В последующие поездки президент меня с собой уже не брал. Очень обиделся. Я продолжал ходить на работу в Кремль, но президент больше не звонил и на мои звонки не отвечал. «Дулся»,— говорили мы тогда. Идешь по коридору, навстречу президент: «Борис Николаевич, здравствуйте!» А он отвернется демонстративно и не поздоровается. Некоторое время не подавал руки.

— Так «роман с президентом» и кончился?

— Нет, время многое сгладило. Но не все. Дело в том, что в отличие от других подписантов я не стал просить прощения. И некоторое время спустя в моем кабинете раздался телефонный звонок. Голос президента: «Вячеслав Васильевич, как вы смотрите на то, чтобы поработать за границей? Ватикан подойдет? Заходите, поговорим». Поговорили. Обиды уже не осталось, но некая горечь висела. Потом и она ушла. И вот незадолго до отъезда в Ватикан (я продолжал работать в Кремле) на записи какого-то телеобращения Бориса Николаевича я подошел к нему что-то уточнить, а он, склонившись ко мне, вдруг тихо так: «Я уже подписал указ о вашем назначении. Но… может быть…» И замолчал, отвернувшись в сторону. Я понимал, что прежней близости, а следовательно, и настоящей работы уже не будет. Быть говорящим кремлевским попугаем не хотелось. Да, честно говоря, и поездка в Ватикан, и собор Святого Петра, и станцы Рафаэля уже снились мне по ночам… И я тягостно выдавил из себя: «Вы же, Борис Николаевич, приняли решение…»
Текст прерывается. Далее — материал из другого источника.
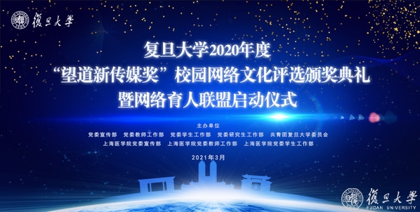 本次颁奖典礼及启动仪式由党委宣传部、党委教师工作部、党委学生工作部、党委研究生工作部、共青团复旦大学委员会、上海医学院党委宣传部、上海医学院党委教师工作部、上海医学院党委学生工作部主办,活动由党委学生工作部部长徐阳主持。各单位宣传委员、各单位新媒体运营负责人,各院系学工首要负责人、分管网络思政专职辅导员、网络育人联盟成员单位负责人、获奖作品作者等共200余人参加了活动。

Президент и бровью не повел. А вскоре еще раз доказал, что он настоящий русский мужик. Все мелочи в сторону…

Дело в том, что, когда посол направляется за границу, ему могут присвоить ранг Чрезвычайного и Полномочного, а могут и сказать: вы там поработайте годик в качестве посланника, а мы потом решим. Вот и со мной чуть было не произошла такая же история. Идет коллегия МИДа. Выступает кто-то из заместителей министра. Когда речь зашла о моем назначении в Ватикан, я слышу: «Вы же, Вячеслав Васильевич, не профессиональный дипломат. Дать вам сразу высший ранг не совсем корректно. Потерпите годик, поработайте, мы вам потом все дадим».

Ну что тут спорить, тем более что дипломат был по-своему прав. Тем не менее, приехав в Кремль, я позвонил Борису Николаевичу и попросил о встрече. «Борис Николаевич, — схитрил я, — а ведь нас с вами обманули». «Как так?» — поднял брови президент. «А так: вы говорили с Козыревым о Чрезвычайном и Полномочном, а он не дает». — «Как не дает?» Я рассказал ему историю с коллегией. Борис Николаевич поднимает трубку телефона, где написано «Козырев». Прямая связь. Ни слова не говоря, не объясняясь, сурово так: «Это по поводу Костикова. Я же сказал, что Чрезвычайный и Полномочный». И хрясь трубку на место. Через 15 минут в мой кремлевский кабинет звонит помощник Козырева: «Вячеслав Васильевич, вышло недоразумение, вопрос улажен. Вы Чрезвычайный и Полномочный». Так что с тех пор и поныне ко мне можно обращаться: «Ваше превосходительство». Друзья в шутку так и делают…

— Но ваша дипломатическая карьера как-то очень быстро оборвалась…

— Не потому, что я оказался неспособным к дипломатической работе. Имею благодарность министра Евгения Примакова за высокое качество аналитической информации из Ватикана. Но дело в том, что мы, помощники президента, настолько были погружены в политику, настолько заражены ею, что сразу переодеться в дипломатический смокинг у меня никак не получалось. И приехав в Рим и вручив Иоанну Павлу II верительную грамоту, я сделал первый непростительный для дипломата шаг: сел писать книгу о своей работе в Кремле — «Роман с президентом». Тайны из этого я не делал, и слухи скоро доползли до Москвы. И вот уже из МИДа за подписью замминистра идет телеграмма: «…В дипломатической практике не принято, чтобы действующий посол писал о действующем президенте». Но это была еще не гроза. А легкие раскаты грома. А между тем и друзья, приезжавшие из Москвы, и жена предостерегали: будут неприятности. «Но почему?» — удивлялся я. У меня было внутреннее убеждение, что пишу-то я во благо президента, что хочу предостеречь. Ну и прочая наивная чепуха.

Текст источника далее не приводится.